Communication is crucial to locating the enemy. It's important that your Section is also scanning different "arcs". Everyone looking at the same spot isn't likely to find anyone not at that exact spot.

W - Winning The Fire Fight

It is not enough to simply spray magazine after magazine at the enemy. You'll soon run out of ammunition and then they'll have the upper hand.

Controlled, aggressive and accurate fire is what is required to effectively suppress an enemy. He has to feel the crack and hear the whiz of rounds overhead for him to feel his life is in danger, get his head down and allow your Section to move and neutralize them.

Commanders at this stage, should try to get an ammo count from his Section, to gauge just how effectively his Section will be able to further engage, or if it is wiser to call support, or retreat from the engagement.

A - Attack (Approach, Assault, Fight Through)

Should the Ground Commander choose to neutralize the enemy position he must have a plan first and foremost, before his Section moves into potentially exposed terrain.

Split The Group

The Commander should split the Section into either 2 equally effective Fire Teams (should be decided before any battle ensues) for Fire/Manoeuvre Drills or into an "Overwatch" and an "Assault" Element.

Overwatch Element

An Overwatch Element will typically consist of units within a section who are most effective at suppressing the enemy with long, sustained and accurate fire such as Machine-gunners and Marksmen. Medics are also advised to stay with the gun group, should it be likely to incur casualties from an assault on an enemy position.

Assault Element

An Assault Element will typically consist of units within a section who are lighter, more mobile and better equipped at CQC engagements, such as Riflemen and Grenadiers.

Fight Through

It is imperative at this stage, that any wounded or killed soldiers, are left on the field until the strong-point or enemy position is obtained.

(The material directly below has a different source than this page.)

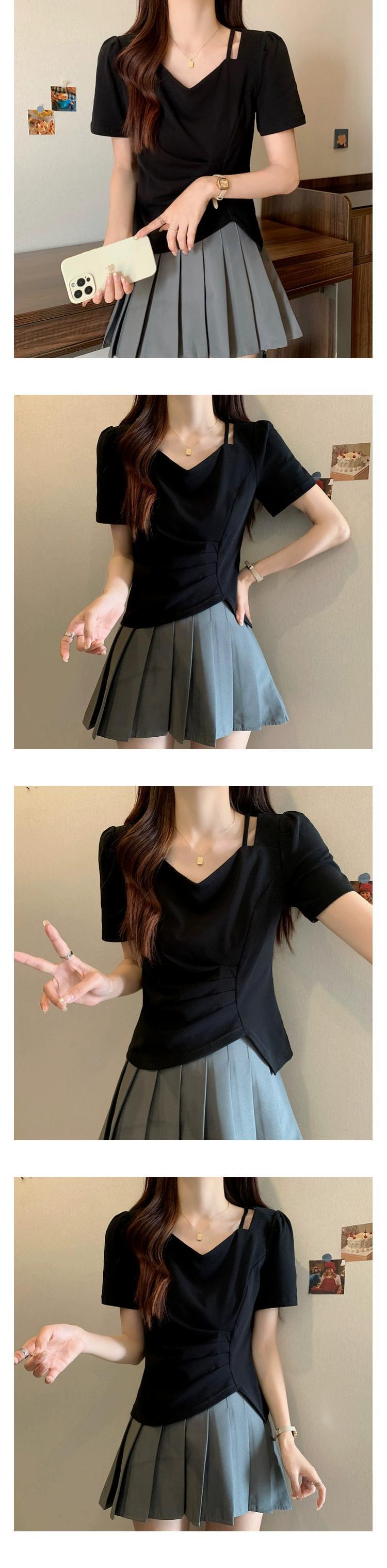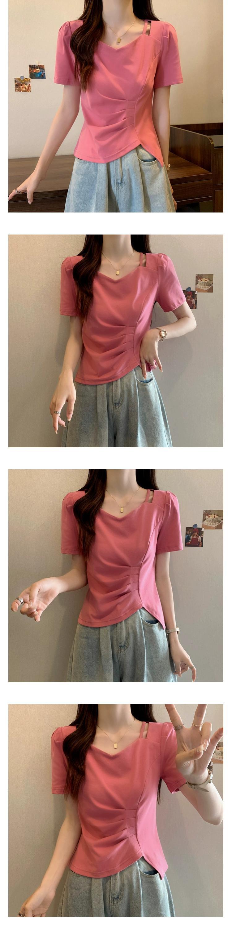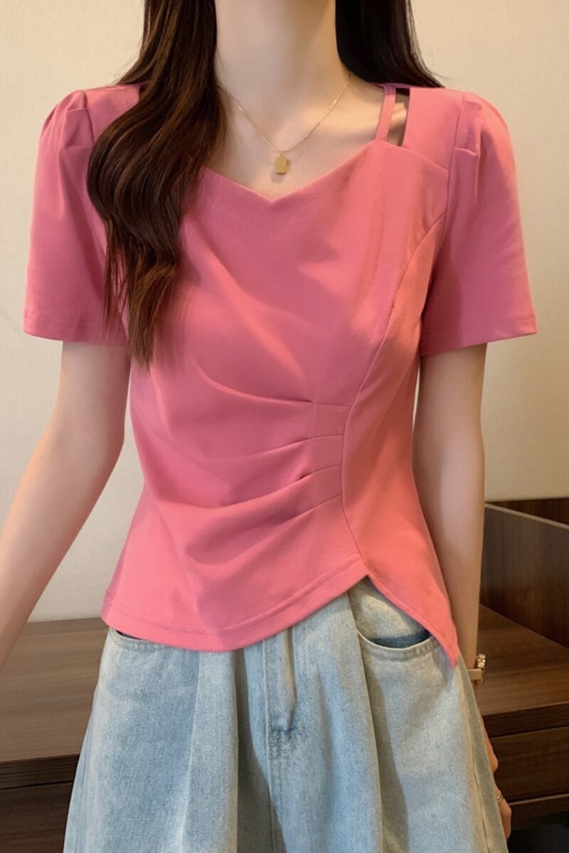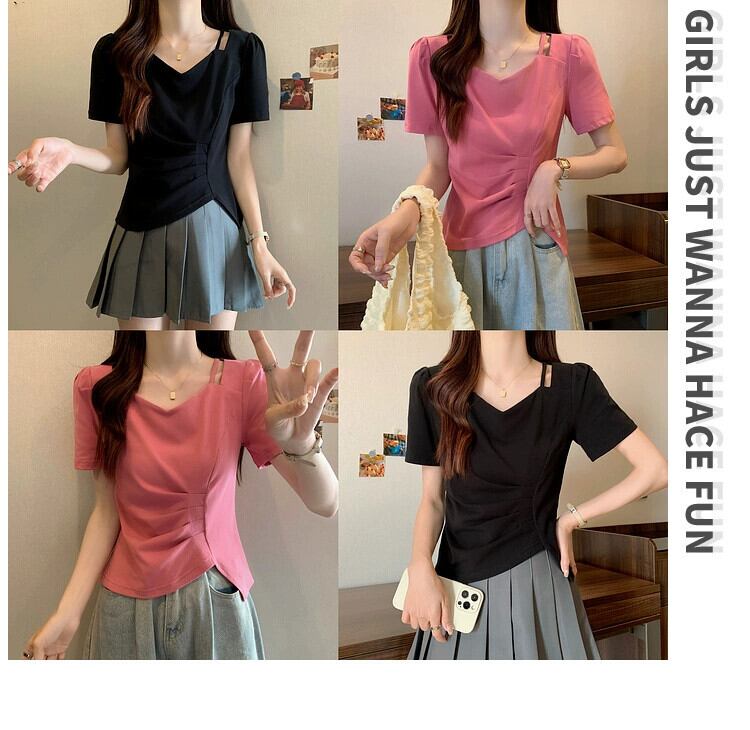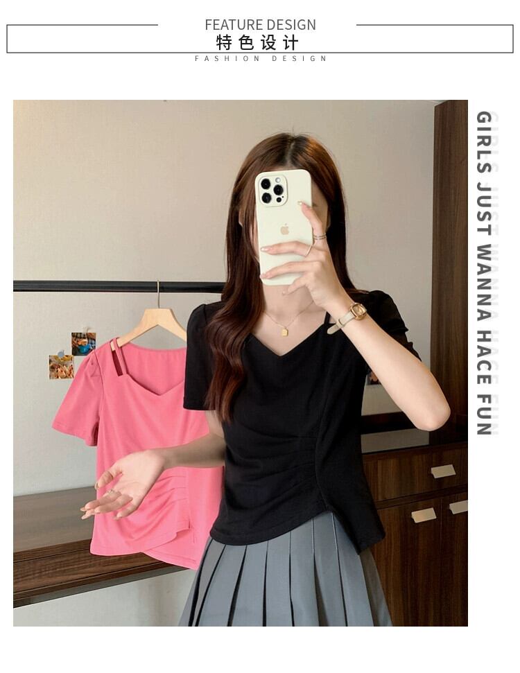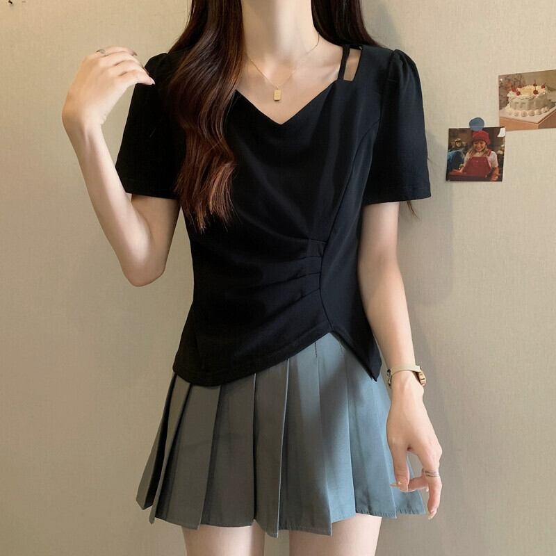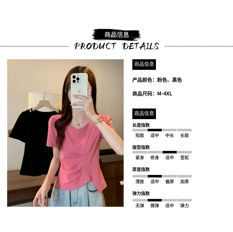 プラスサイズの婦人服 2023 夏服ファットシスター不規則半袖 Tシャツフレンチ V ネックデザインセンス年齢軽減カジュアルトップス 大きめサイズ サマー 夏物 Vネック 8884198635949827

If you stop to check the wounded, you're going to lose the initiative, the aggression, the position and potentially end up with more casualties.

R - Re-organisation

This is the final stage of the Six Section Battle Drills, in which you assess your situation before carrying out your next orders, or shortly after an engagement.

Protection (2IC Responsibility)

The first and foremost thing to do, is setup an all around defence, covering as many arcs as possible.

Ammunition (2IC Responsibility)

Check your ammo, distribute to those in need, re-supply (see: Search).

Casualties (2IC Responsibility)

All casualties must have First Aid administered, Civilian and Enemy included.

Medical Evacuation should be requested for critically wounded.

Equipment (2IC Responsibility)

Check all equipment, including Radios, Weapon Systems etc. to ensure everything is in working order.

Search (2IC Responsibility)

Once everything else is done, and a Perimeter is in place, you can search all enemies for weapons, ammunition and equipment regardless if they're dead or arrested.

SITREP (1IC/2IC/Radio Operator Responsibility)

Make a complete Situation Report to the Commander. He/she needs to be aware of what has transpired, if Medical Evacuation or resupply is required, or to make the call to get you back to Base.

Dig In (2IC Responsibility)

If you're going to be there for more than 20 minutes, make preparations to dig in, especially if you're in open ground.

Orders (1IC Responsibility)

Be prepared for any and all orders, but wait for those orders before moving out of your dug in position, unless absolutely necessary.